In a ruling made today, the most senior judges in England and Wales overturned an earlier judgment that would have applied the uplift to all cases settled after 1 April.
The court also ruled that it will apply to all types of claims, rather than just personal injury cases.
The Association of British Insurers had intervened in the case to ask the court to reconsider its original decision, which it claimed would cost the industry around £300m in extra costs.
Lord chief justice Lord Judge stated that the uplift had originally been proposed by Sir Rupert Jackson as part of a ‘balanced package of reforms’ and had warned against unpicking this package.
The judgment said: ‘The primary purpose of the 10% increase in damages would be to compensate successful claimants, as a class, for being deprived of the right which they had enjoyed since 2000 to recover success fees from defendants, in cases where a claimant was funding the legal costs of pursuing his or her claim by a CFA.’
It added that accepting the ABI’s argument would be likely to lead to fewer procedural problems, particularly if a Part 36 offer was sufficient at the time it was made but insufficient after 1 April.

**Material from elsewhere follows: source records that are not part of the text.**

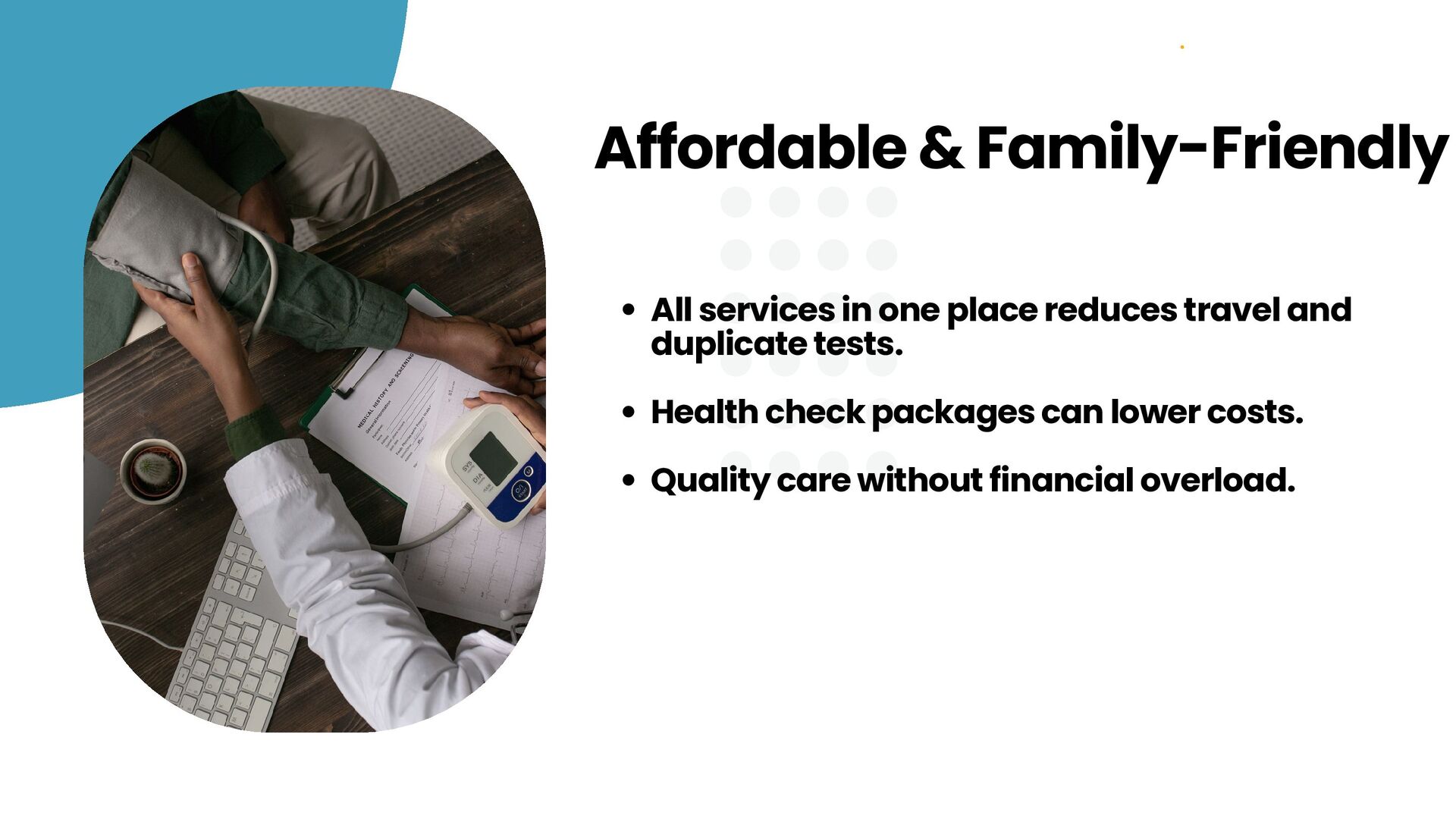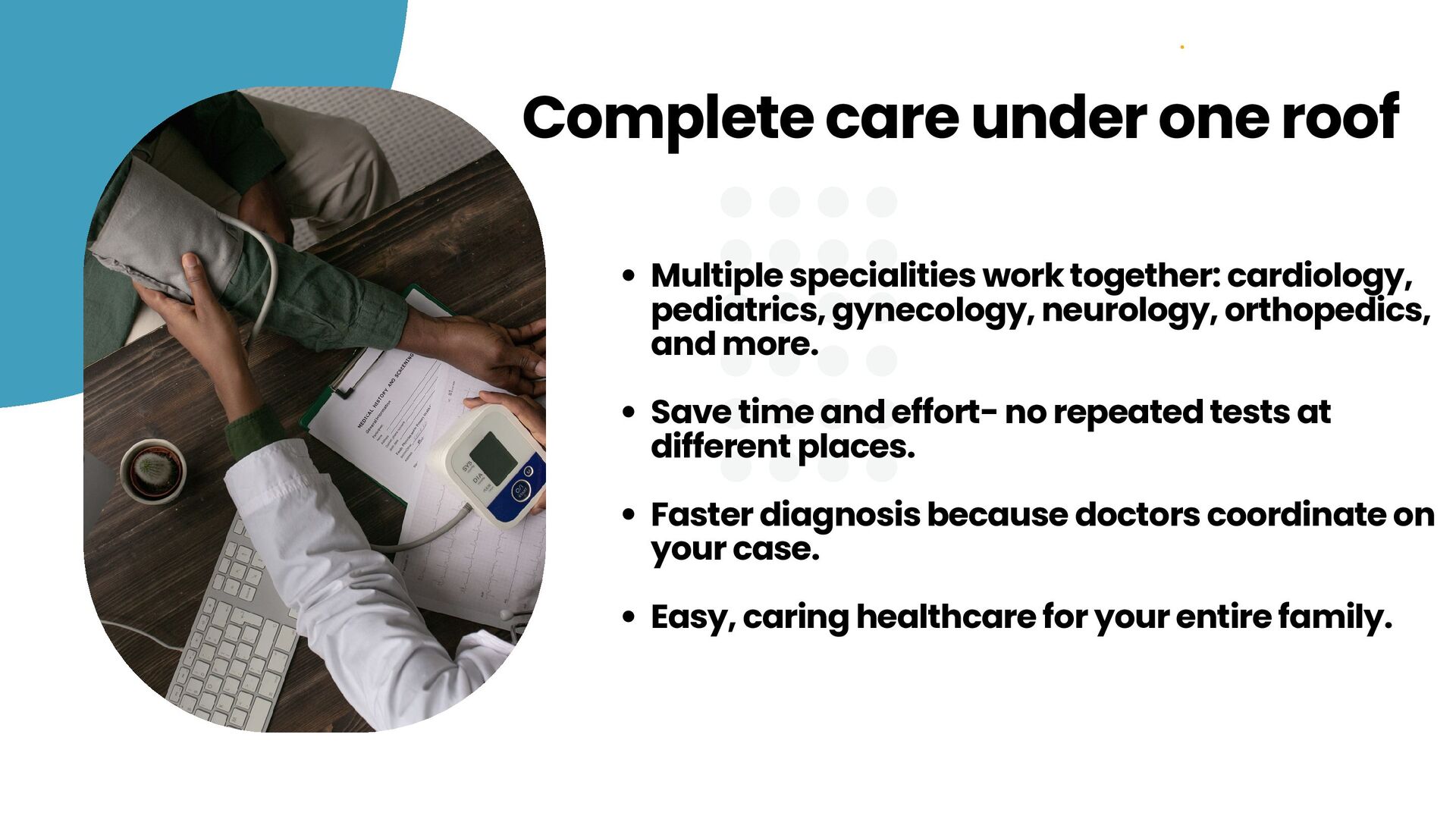 more. Save time and effort- no repeated tests at different places. Faster diagnosis because doctors coordinate on your case. Easy, caring healthcare for your entire family. Complete care under one roof
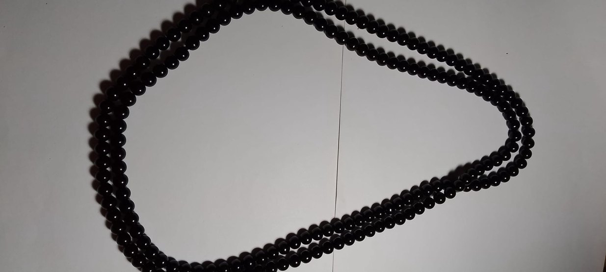 Uzun siyah boncuklu kolye, minimalist gotik tarzıyla partiler ve modaya uygun görünümler için uygundur. Koyu tonu, avangart ve trendsetter kişiliklere hitap eder.
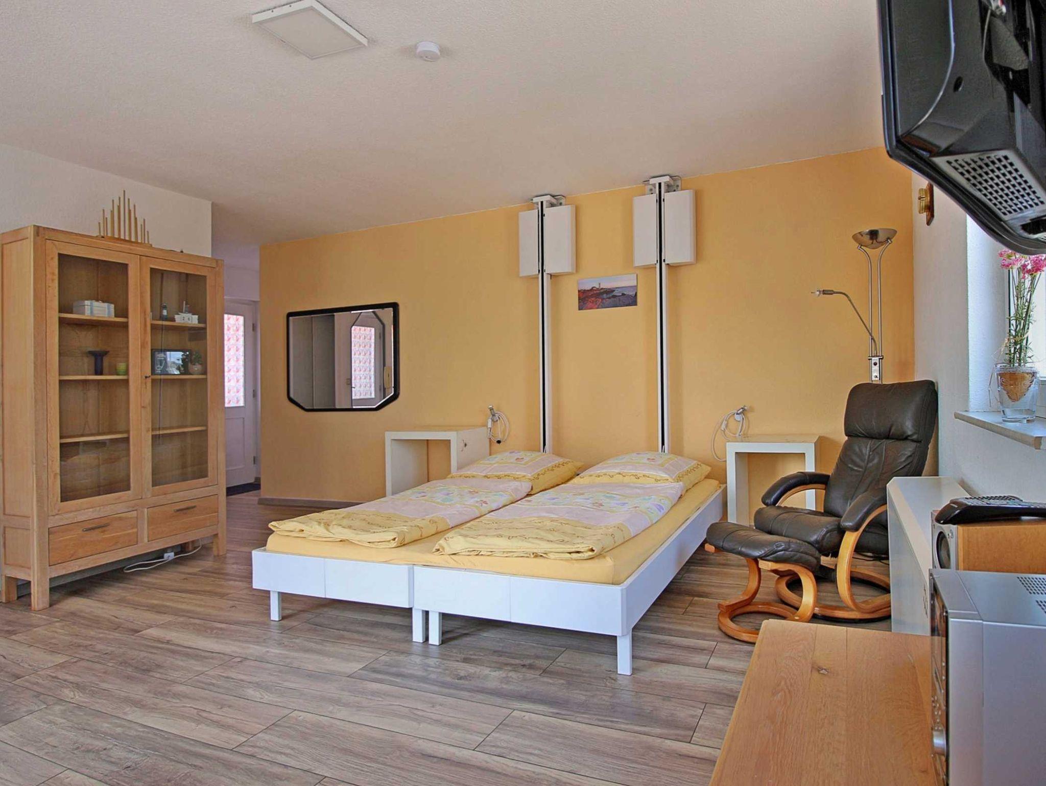 - Kombinierter Wohn-Schlafraum mit Schrankbett (1,60 m x 2,00 m, getrennte Matratzen), Sitzecke mit 2 Relaxsesseln, Couch, Flachbildfernseher, Stereoanlage, DVD-Player, Kleiderschrank

The court did reject the ABI’s contention that all ‘conventional’ claimants and self-represented litigants should also not receive the 10% if the case begins before 1 April. This was because they are not likely to be any worse off as a result of changes to the CFA after 1 April, so the logic underpinning the ABI’s argument was not present.
James Dalton, the ABI’s assistant director of motor and liability, said: ‘The insurance industry had taken this action to reduce unnecessary costs being passed onto honest motorists.
‘Today’s decision by the Court of Appeal means that insurers will not be forced to pass on about £300m in increased costs to the premium paying public, which represents around £13 per motor insurance policy. We have won a battle against unnecessary costs but not the war.’
The Association of Personal Injury Lawyers, which had contested the ABI appeal, said the ruling would ‘introduce unfairness where before there was an even playing field’.
APIL president Karl Tonks said: ‘It could easily mean that two claimants leaving court on the same day, with the same injuries, will receive different damages just because of the date on which they signed their funding agreement.’